## INPUT DATA
§
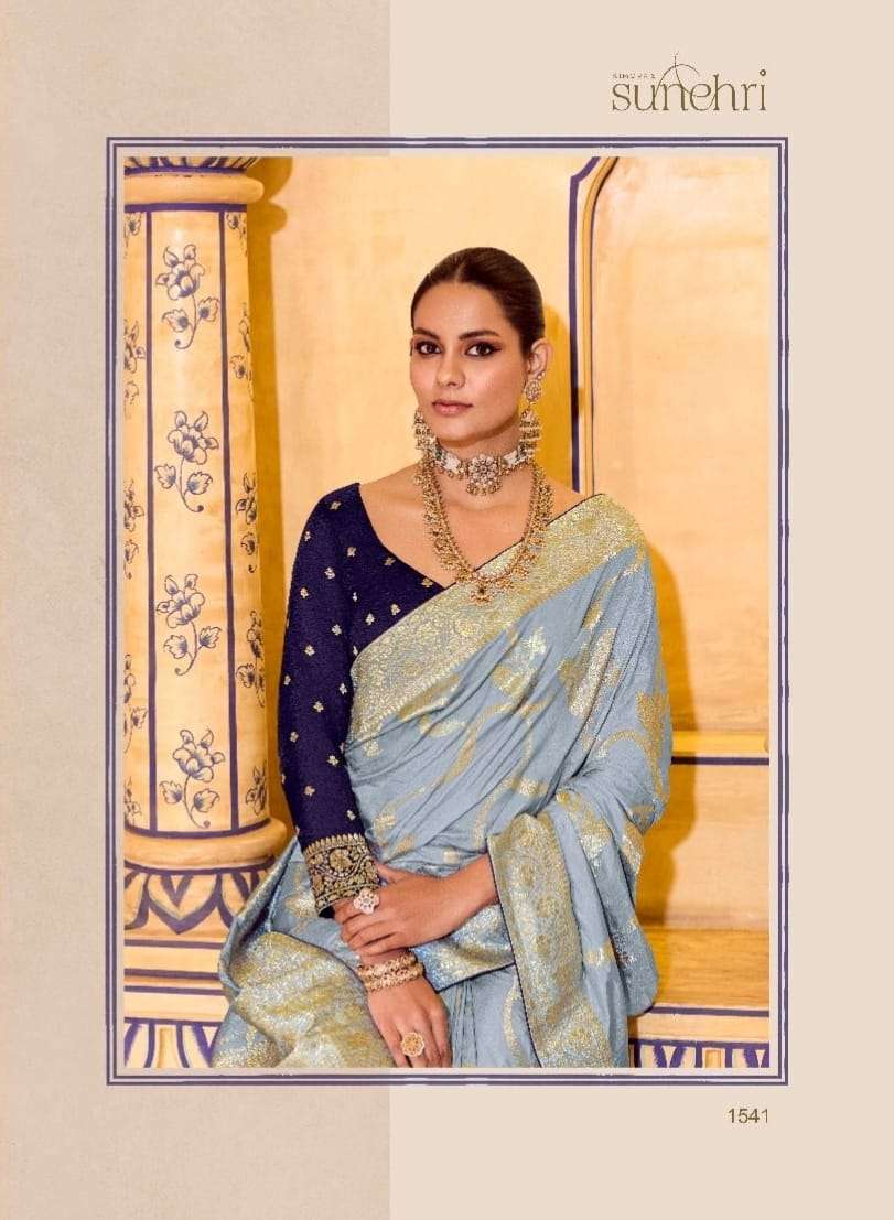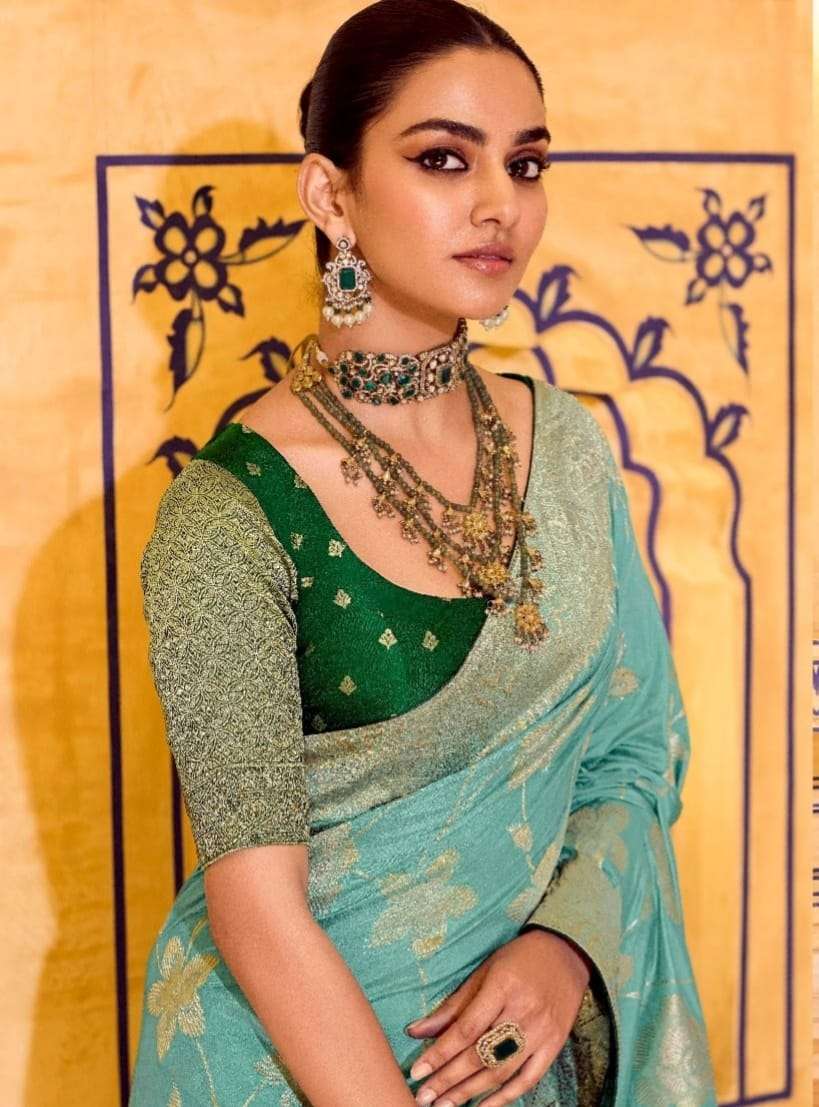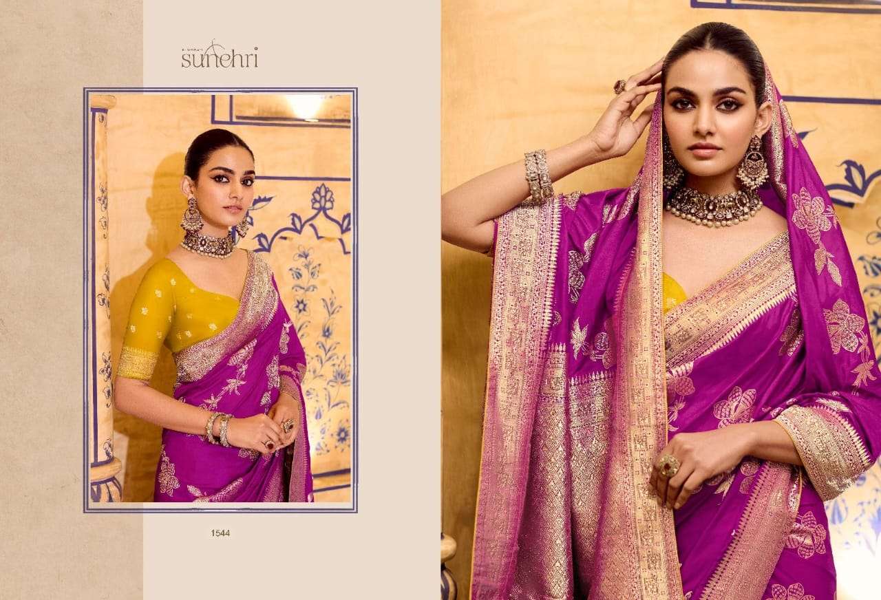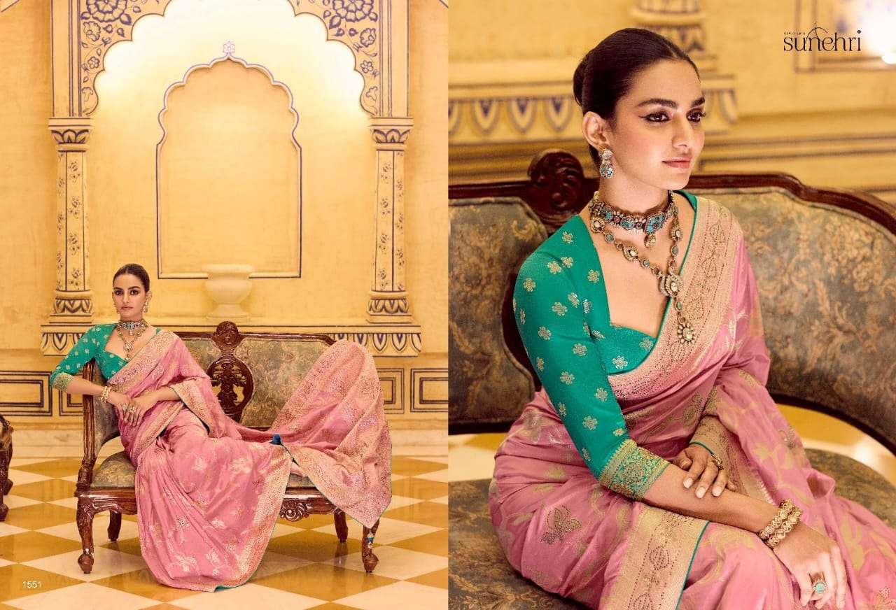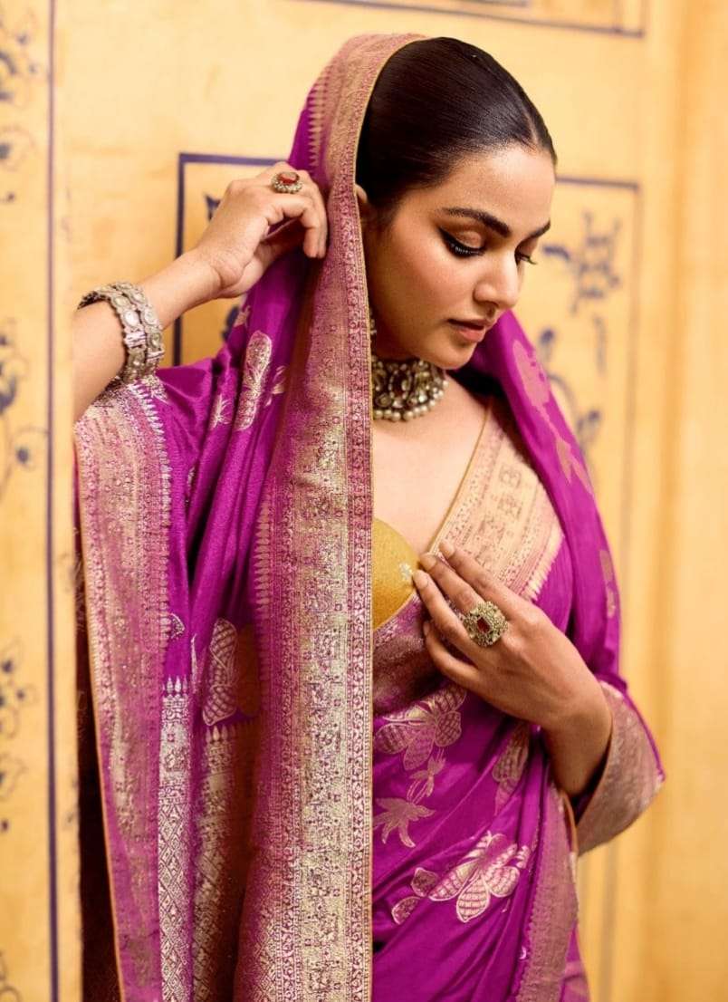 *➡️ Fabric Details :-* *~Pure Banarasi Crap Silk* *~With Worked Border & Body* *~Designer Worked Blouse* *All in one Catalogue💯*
§
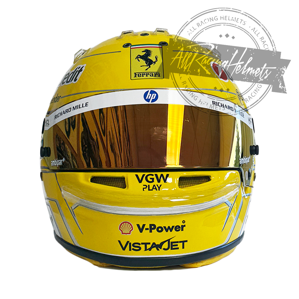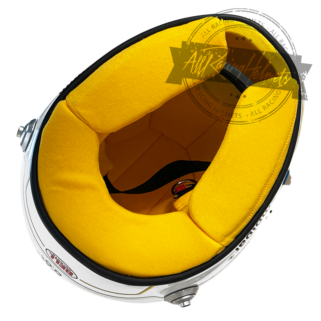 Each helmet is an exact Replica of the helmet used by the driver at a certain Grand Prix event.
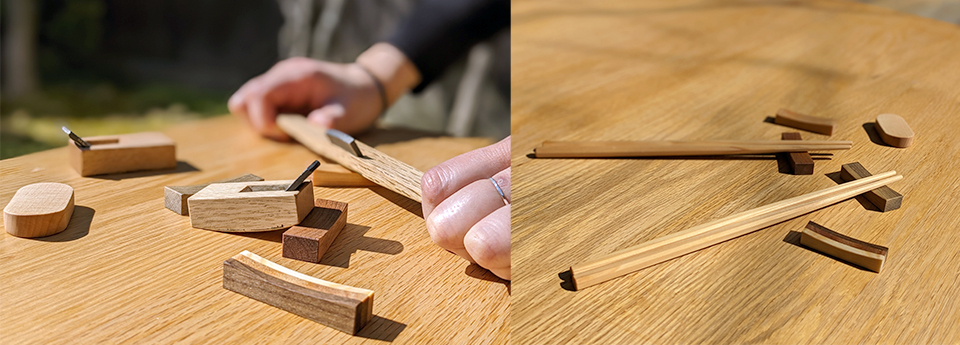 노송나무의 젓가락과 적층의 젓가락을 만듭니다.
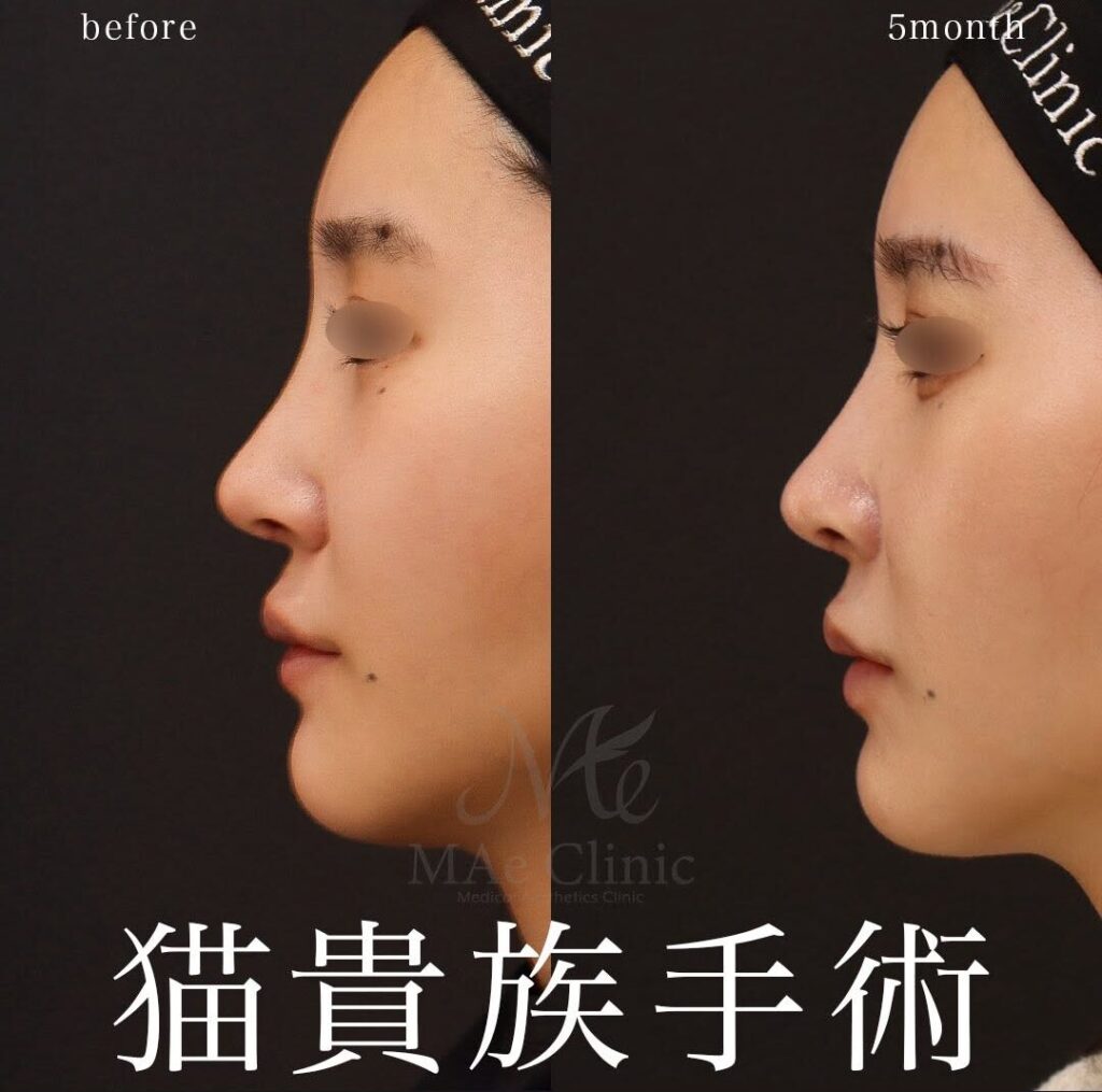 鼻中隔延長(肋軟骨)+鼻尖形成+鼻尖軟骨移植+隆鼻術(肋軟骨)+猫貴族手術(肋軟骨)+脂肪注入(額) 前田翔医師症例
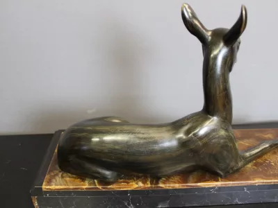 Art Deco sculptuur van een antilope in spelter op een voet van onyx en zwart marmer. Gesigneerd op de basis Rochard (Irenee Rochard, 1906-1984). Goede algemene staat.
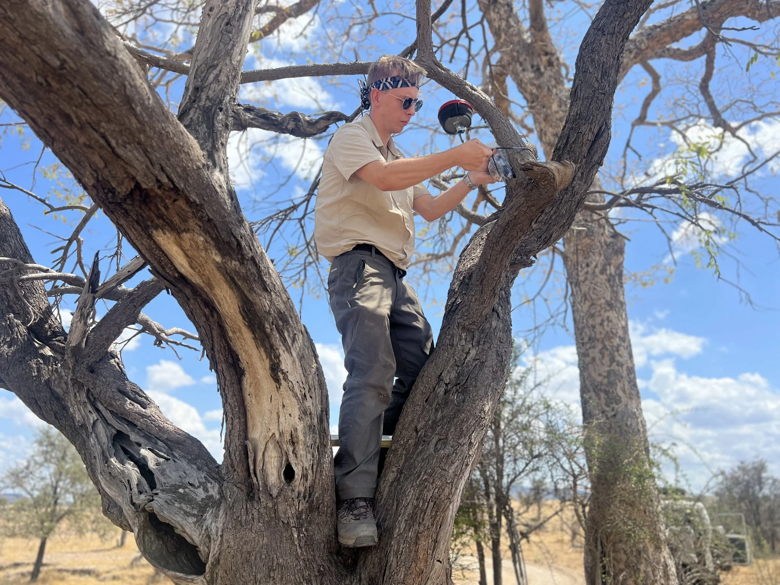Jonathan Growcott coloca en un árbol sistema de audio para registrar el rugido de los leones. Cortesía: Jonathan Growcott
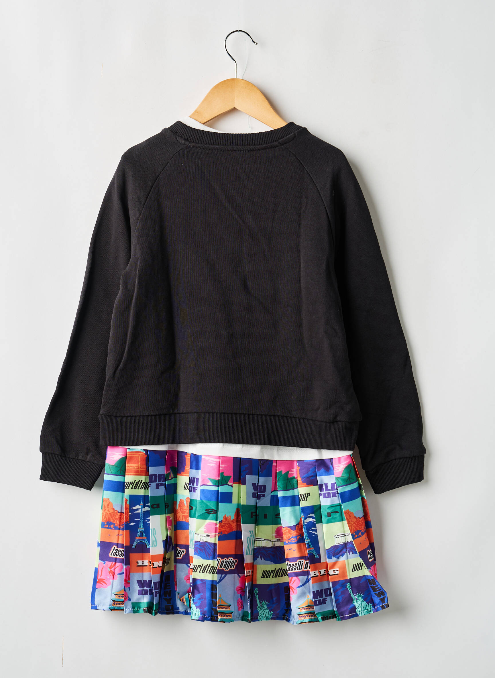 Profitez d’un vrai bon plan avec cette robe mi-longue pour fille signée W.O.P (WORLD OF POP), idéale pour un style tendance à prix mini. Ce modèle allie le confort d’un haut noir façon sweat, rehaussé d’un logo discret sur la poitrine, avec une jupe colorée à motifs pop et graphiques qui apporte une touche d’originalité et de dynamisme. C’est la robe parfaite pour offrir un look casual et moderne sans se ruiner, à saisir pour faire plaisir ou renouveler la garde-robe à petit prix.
§
## ASSIGNMENT
Please copy the lines above exactly, starting at the line that holds "Each helmet is" and ending at the line that holds "Jonathan Growcott coloca"; include both, but no pictures.

## EXERCISE RESPONSE
 Each helmet is an exact Replica of the helmet used by the driver at a certain Grand Prix event.
 노송나무의 젓가락과 적층의 젓가락을 만듭니다.
 鼻中隔延長(肋軟骨)+鼻尖形成+鼻尖軟骨移植+隆鼻術(肋軟骨)+猫貴族手術(肋軟骨)+脂肪注入(額) 前田翔医師症例
 Art Deco sculptuur van een antilope in spelter op een voet van onyx en zwart marmer. Gesigneerd op de basis Rochard (Irenee Rochard, 1906-1984). Goede algemene staat.
Jonathan Growcott coloca en un árbol sistema de audio para registrar el rugido de los leones. Cortesía: Jonathan Growcott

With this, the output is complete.